Expected main results in the current year:

• Three-dimensional computer simulation of superconducting magnets for the NICA (JINR) and FAIR (GSI) projects. Construction of maps of the magnetic field distributions in the working areas of the magnets with a view to their further application to simulate physical processes.

Solution of non-standard magnetostatics problems arising due to ROT asymmetry in the fission of heavy nuclei.

COMSOL Multiphysics based development of a comprehensive model of an isochronous cyclotron.

Development of a mathematical model and calculation of beam dynamics in isochronous cyclotrons based on the use of equations of motion.

Mathematical modeling of magnetic fields in the study of polarization phenomena and spin effects.

Generalization of the Nambu–Jona-Lasinio model with Polyakov loop enabling analysis of available experimental data on the collision of heavy ions at the NICA energy range.

Modeling radiation induced changes in structures with defects in the framework of the molecular dynamics method. 

Numerical simulation of effects produced by double femtosecond laser pulses on targets of various compositions.  

Numerical modeling of magnetization reversal in nanomagnetic materials using the chirping effect.

Computer modeling of quantum solids with dislocations exhibiting superfluid properties.

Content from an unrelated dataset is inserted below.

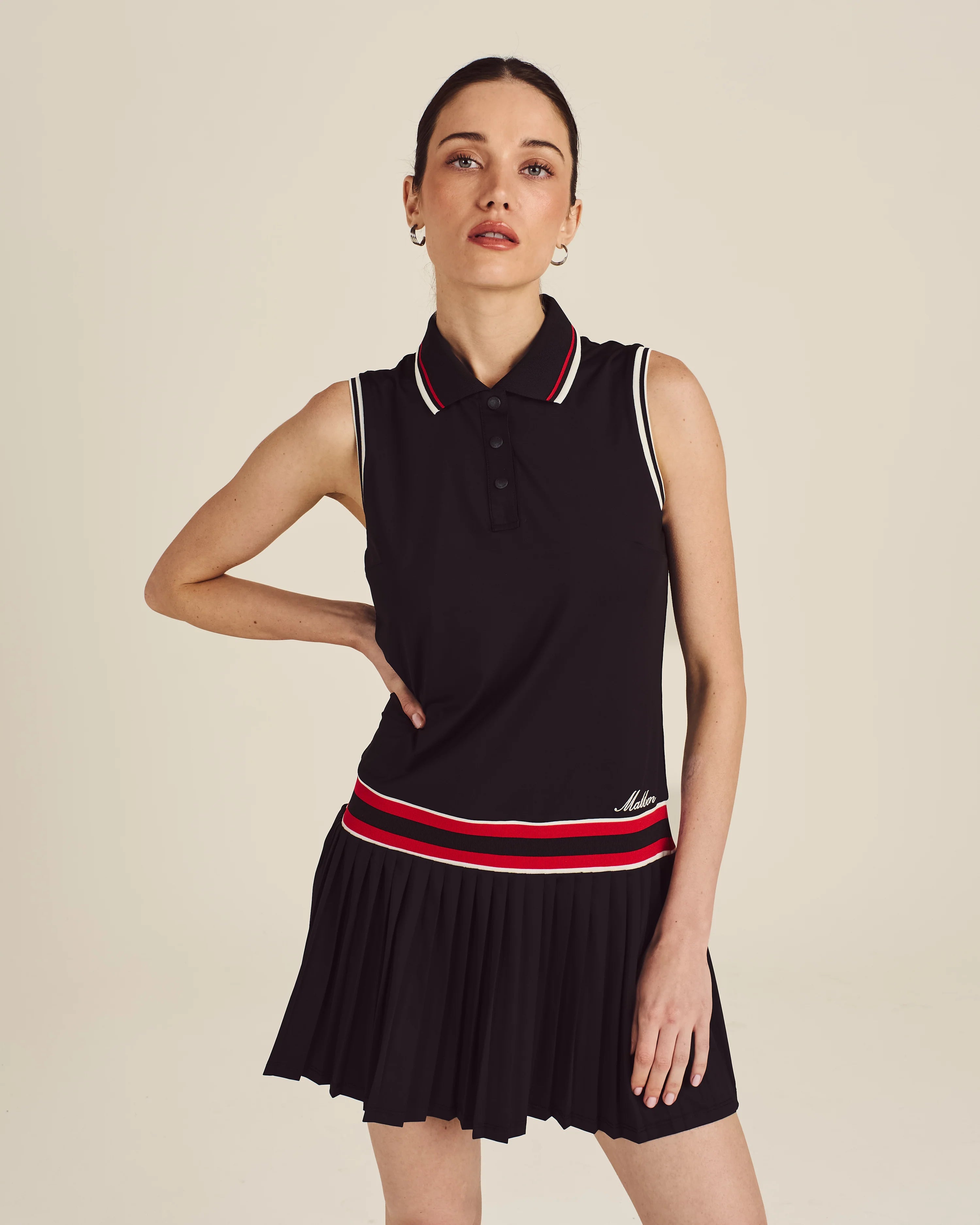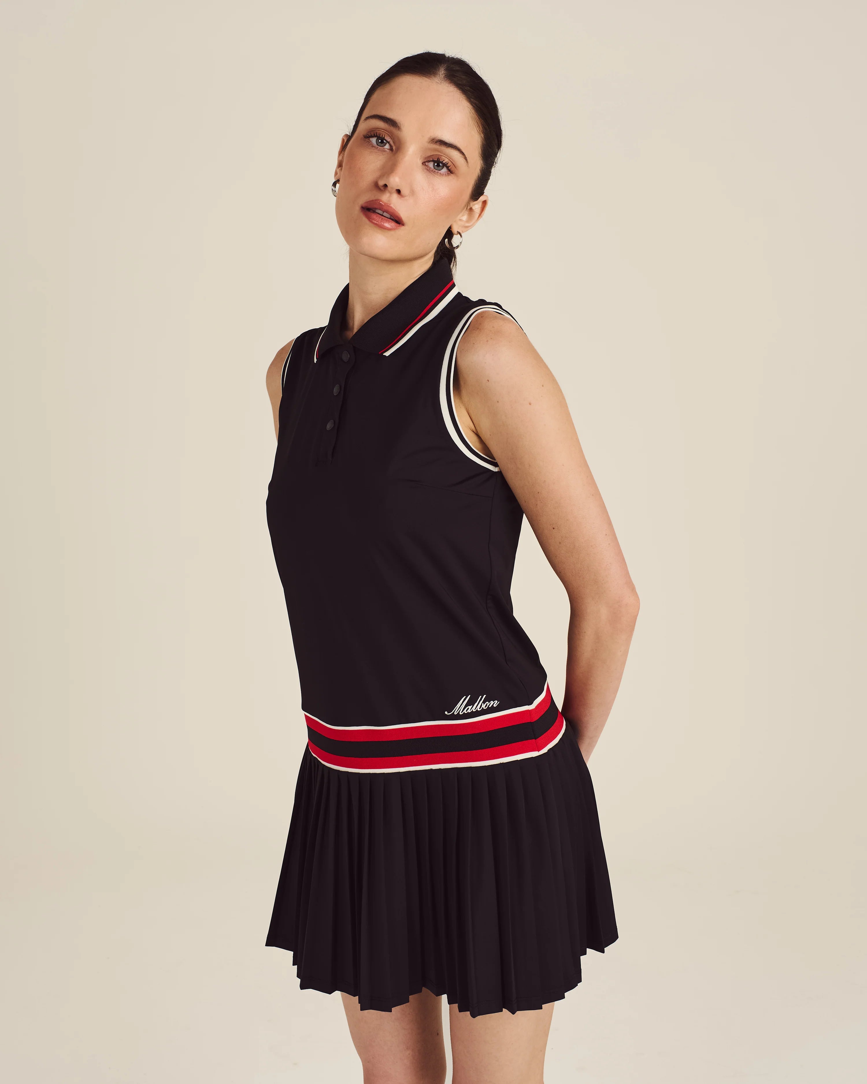 The A-line Bella Dress combines a timeless look with practical design. Featuring sophisticated pleating and premium stretch polyester that offer both structure and flexibility, it's equipped with interior shorts and convenient pocket placement. This versatile piece transitions effortlessly from golf course to coastal getaway—the perfect balance for an active lifestyle.

Investigation of nuclear physics processes within the hybrid microscopic potential using various density models of colliding nuclei.

Numerical study of the structure of phospholipid membranes in vesicular systems based on small-angle neutron and x-ray scattering data.  

Development of robust numerical methods for the study of complex processes in layered Josephson structures and systems of superconducting spintronics.

Numerical study of particle-like solutions in multidimensional models of field theory; investigation of solitary waves in condensed matter systems.

Numerical investigation of the essential characteristics of electromagnetic cascade showers in the energy range E ≥ 10¹⁵ eV.

Search for black-hole-, wormhole- and soliton-like solutions from a self-consistent system of Einstein-Maxwell-Dirac equations.

Upgrade of the SAS primary processing program for the YuMO spectrometer to include anisotropic pattern scattering samples at the position-sensitive detector.

Extension of the FITTER program by increasing the number of theoretical models, improving its performance and GPU interface for experimental data processing.  

Development of an extrapolation method within the basic element method (BEM) on non-uniform three-point grids for data processing and the numerical solution of ordinary differential equation problems.

Further BEM application for the processing and analysis of neutron noise of the IBR-2M reactor.

BEM use for the approximation of the dependence of the energy losses of charged particles in the ionization chamber (STAR experiment).

Implementation of Bayesian automatic adaptive quadrature with two interpolatory rules.   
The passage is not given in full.